-- Dataset items --

^^^^^^^^^^^^^^^^

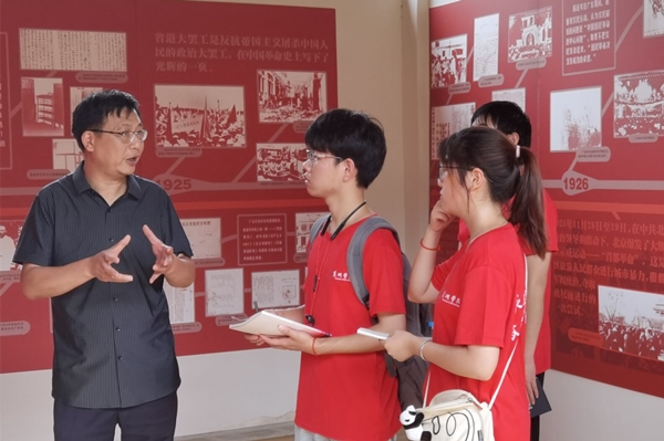 7月15日,全体团队成员到达安庆,开启“重走‘延乔路’”红色之旅。实践队成员在安庆市懒悟艺术馆馆长张庆的带领下,前往桃元艺术村参观《陈延年陈乔年革命事迹展》,事迹展共展出各类资料图片120幅,按照时间顺序,分为陈延年、陈乔年两条主线,通过《身世》《求学》《献身》《缅怀》四个篇章表现陈氏兄弟的革命事迹,通过年表展现二位烈士一生的经历。真实的资料图片、完整的生平展示、生动细致的讲解,实践队成员进一步认识到陈氏兄弟为了共产主义信仰舍生忘死的革命情怀,了解了他们少即扬名背后的艰辛奋斗历程和凛然大义。
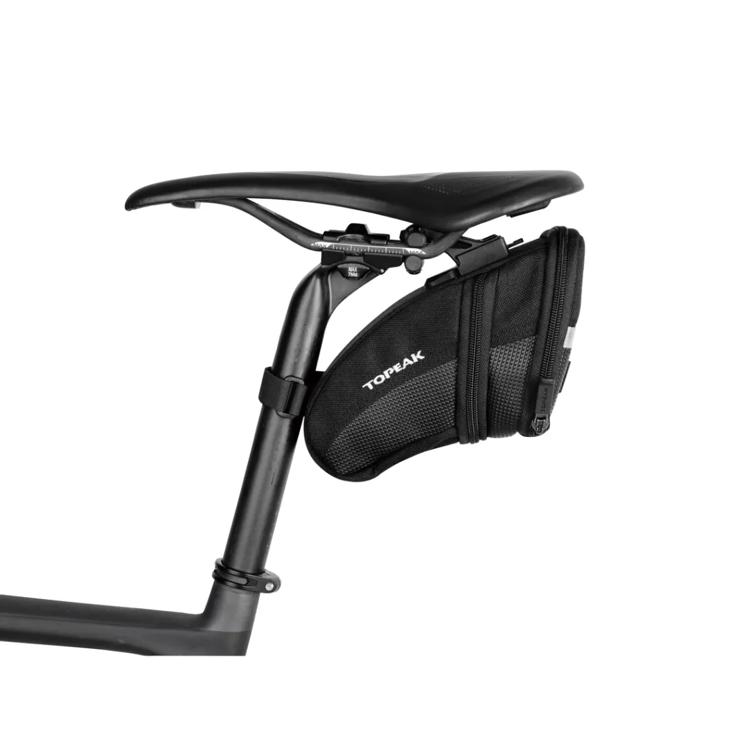 The AERO WEDGE PACK MEDIUM saddle bag by TOPEAK offers enough volume to stow away everything you need – whether it’s an energy bar, a spare tube or a multi-tool.
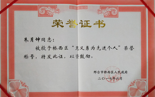 邢鋼質(zhì)量控制部朱月坤被授予邢臺市優(yōu)秀退役軍人榮譽稱號
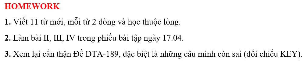 THỨ HAI NGÀY 13/04/2026 - BTVN 9B
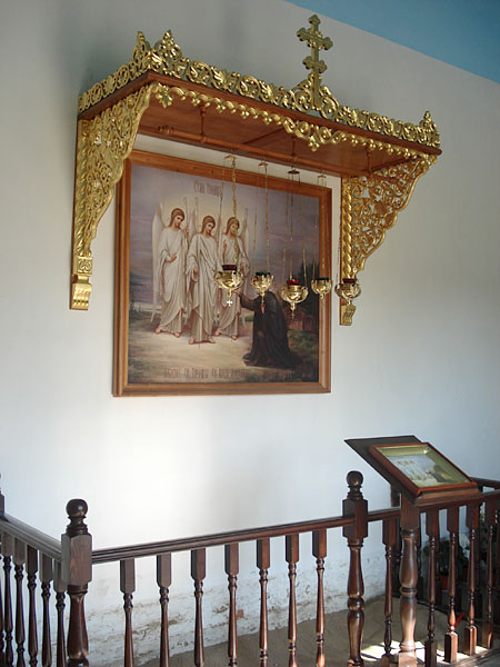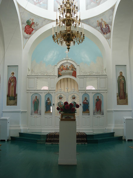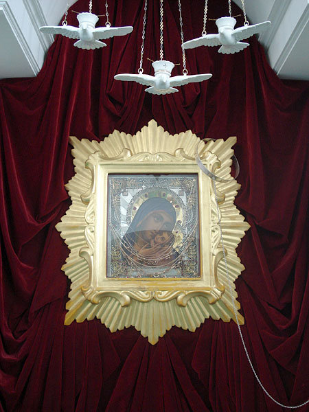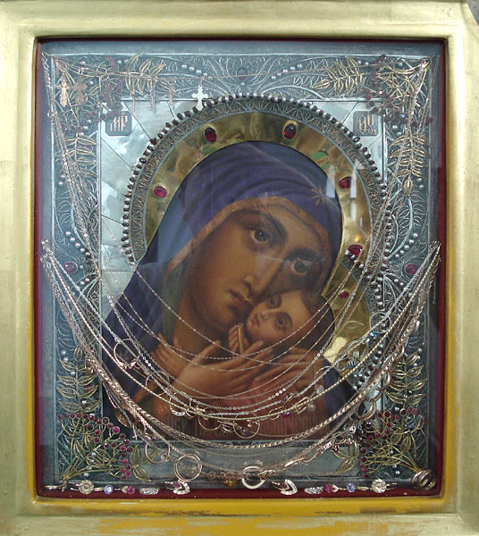 Интерьер церкви в честь Покрова Пресвятой Богородицы | Чудотворная икона "Умиление-Тервеническая" | Серебряный обруч богомольцы надевают на голову во время молитв перед иконой |
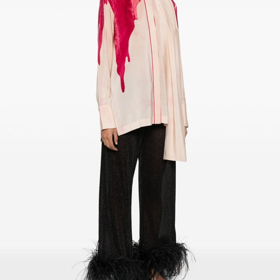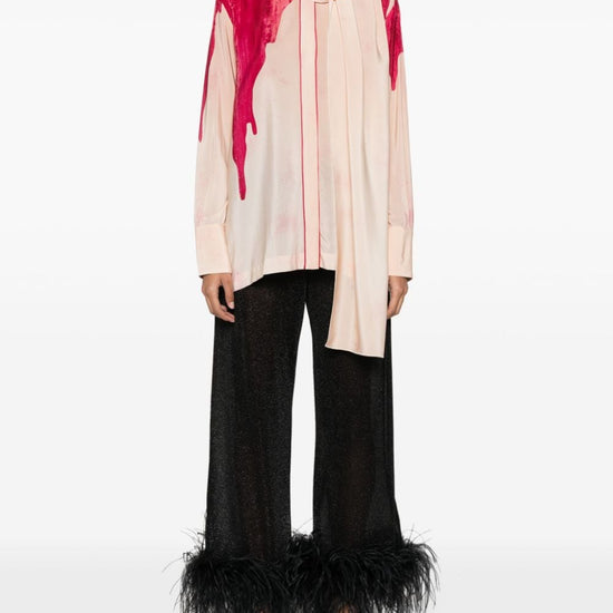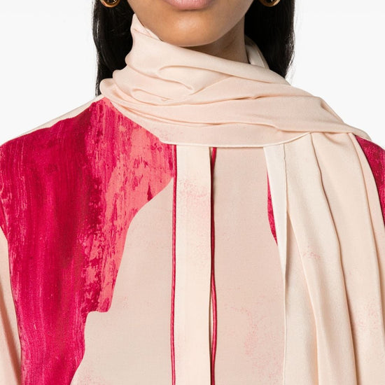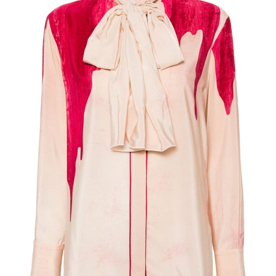 Light pink silk palm tree print detachable long scarf band collar concealed front button fastening long sleeves buttoned cuffs side slits straight hem printed crepe de chine shirt size and fit - this piece fits true to size. we recommend you get your regular size. model is 1,75m / 5ft 8in wearing size s
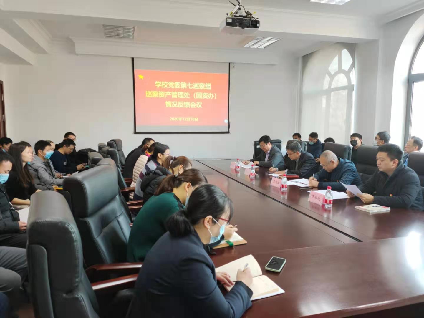 12月10日,根据学校党委巡察工作统一部署,学校党委第七巡察组巡察资产管理处(国资办)情况反馈会议召开。会上,党委常委、副校长姚山代表学校党委对做好巡察整改工作提出要求,党委第七巡察组组长张建生代表党委巡察组向资产管理处(国资办)反馈了巡察情况,资产管理处(国资办)处长贾晓津对做好巡察整改工作进行表态发言。会议由资产管理处(国资办)党支部书记陈敏航主持。
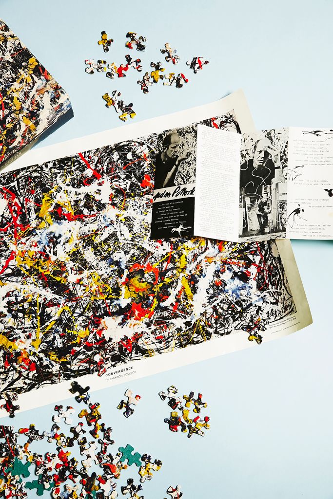 Jackson Pollock Puzzle - The Hundreds from cdn.shopify.com On the floor i am more at ease, i feel nearer, more a part of the painting, since this way i can walk around in it, work from the four sides and be literally 'in'. Nel caso del puzzle di jackson pollock il soggetto è il dipinto convergence (convergenza). And today we're talking about jackson pollock in the studio and this is going to be real short. Si tratta di un'opera del 1952 dalle dimensioni imponenti, un olio su tela grande 2,37 metri di altezza e 3,93 m di larghezza. Finding meaning in pollock's paintings is easier than putting together one of his jigsaw puzzles. His distinct, abstract methods led to the creation of many wonderful paintings that sold for millions. 23 for jackson pollock and aboufadel et al. Several years ago, my parents were cleaning out their basement and given my inclination for the arts, thought i would enjoy having this puzzle they bought in the 1960s.
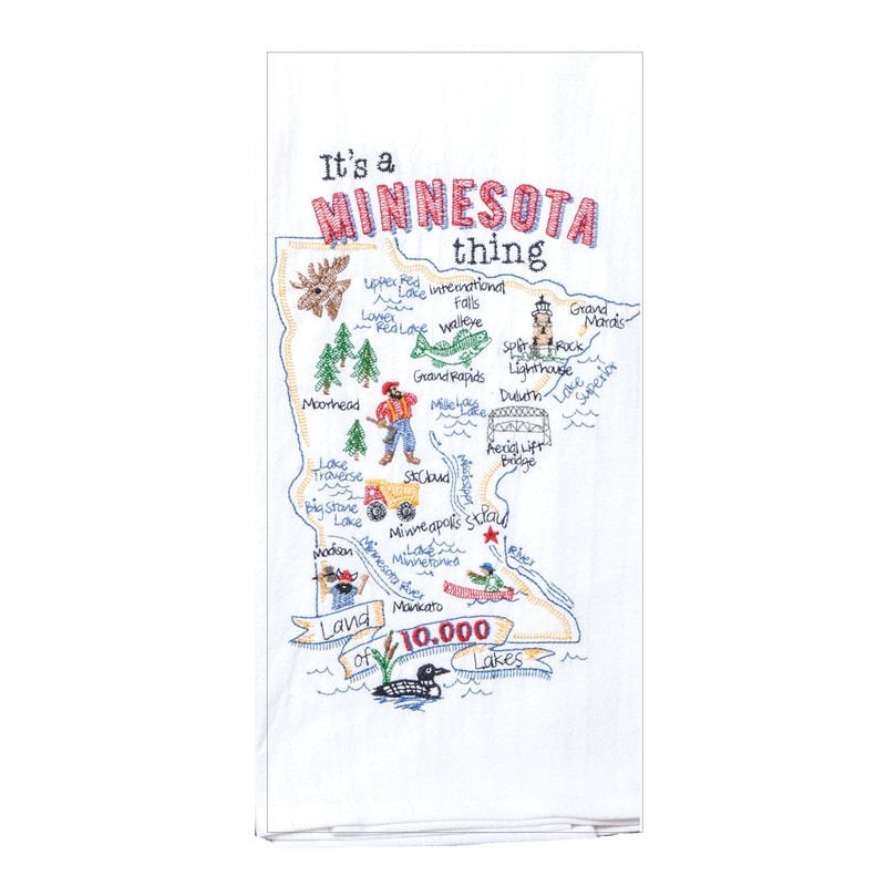 - A vibrant Minnesota-themed flour sack towel with embroidered state outline featuring the sentiment 'It's a Minnesota thing." Some of the highlights within the design are the Land of 10,000 Lakes, Aerial Lift Bridge, Madison and International Falls.
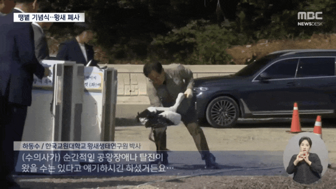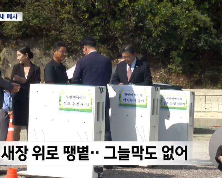 During the Science Center opening ceremony, the family of Oriental storks were transported from the restoration facility to Hwapo Ecological Park in narrow cages dotted with small air holes. They were then kept inside the cages for approximately an hour and a half while officials such as the mayor of Gimhe and National Assemblyman spoke during the ceremony's program.
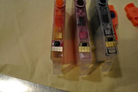 黄色カートリッジだけ残量が多かったので、ICをチップを移植して利用する より安価なカートリッジがはいっているままです。

^^^^^^^^^^^^^^^^

-- YOUR INSTRUCTIONS --
Starting at the first line of the data, set down each line exactly until you have copied the line with "Light pink silk", but leave the pictures out.

-- ANSWER BOX --
 7月15日,全体团队成员到达安庆,开启“重走‘延乔路’”红色之旅。实践队成员在安庆市懒悟艺术馆馆长张庆的带领下,前往桃元艺术村参观《陈延年陈乔年革命事迹展》,事迹展共展出各类资料图片120幅,按照时间顺序,分为陈延年、陈乔年两条主线,通过《身世》《求学》《献身》《缅怀》四个篇章表现陈氏兄弟的革命事迹,通过年表展现二位烈士一生的经历。真实的资料图片、完整的生平展示、生动细致的讲解,实践队成员进一步认识到陈氏兄弟为了共产主义信仰舍生忘死的革命情怀,了解了他们少即扬名背后的艰辛奋斗历程和凛然大义。
 The AERO WEDGE PACK MEDIUM saddle bag by TOPEAK offers enough volume to stow away everything you need – whether it’s an energy bar, a spare tube or a multi-tool.
 邢鋼質(zhì)量控制部朱月坤被授予邢臺市優(yōu)秀退役軍人榮譽稱號
 THỨ HAI NGÀY 13/04/2026 - BTVN 9B
 Интерьер церкви в честь Покрова Пресвятой Богородицы | Чудотворная икона "Умиление-Тервеническая" | Серебряный обруч богомольцы надевают на голову во время молитв перед иконой |
 Light pink silk palm tree print detachable long scarf band collar concealed front button fastening long sleeves buttoned cuffs side slits straight hem printed crepe de chine shirt size and fit - this piece fits true to size. we recommend you get your regular size. model is 1,75m / 5ft 8in wearing size s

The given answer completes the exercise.